Simulation Study of the Formation Mechanism of Sigmoidal Structure in the Solar Corona

The formation mechanism of sigmoidal structure in the solar coronal magnetic field is studied using the three-dimensional magnetohydrodynamic numerical simulations, based on the so-called reversed-shear flare model recently proposed by Kusano et al. The simulation results clearly indicate that magnetic reconnection driven by the resistive tearing mode instability growing on the magnetic shear inversion layer can cause the spontaneous formation of sigmoidal structure.

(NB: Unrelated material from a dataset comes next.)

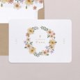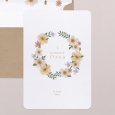 Une jolie couronne de fleurs encadre votre annonce de communion sur le faire-part Camomille. Sublimée d’un lettrage doré, cette fresque ensoleillée donnera le ton de la journée, dès l’ouverture du courrier.

Furthermore, it is also numerically demonstrated that the formation of the sigmoids can be followed by the explosive energy liberation, if the sigmoids contain sufficient magnetic flux. This implies that the reversed-shear flare model can provide a self-consistent explanation for the formation of sigmoids as well as for the onset of eruption, which is driven by magnetic reconnection above sigmoids. The geometric relationship between the sigmoidal structure and the minimum energy state predicted by J. B. Taylor in 1974 is examined. The result suggests that the sigmoidal formation could be understood as a manifestation of the minimum energy state, which has the excess magnetic helicity compared to the bifurcation criterion of the linear force-free field. The consistency with the observations of magnetic helicity is also discussed.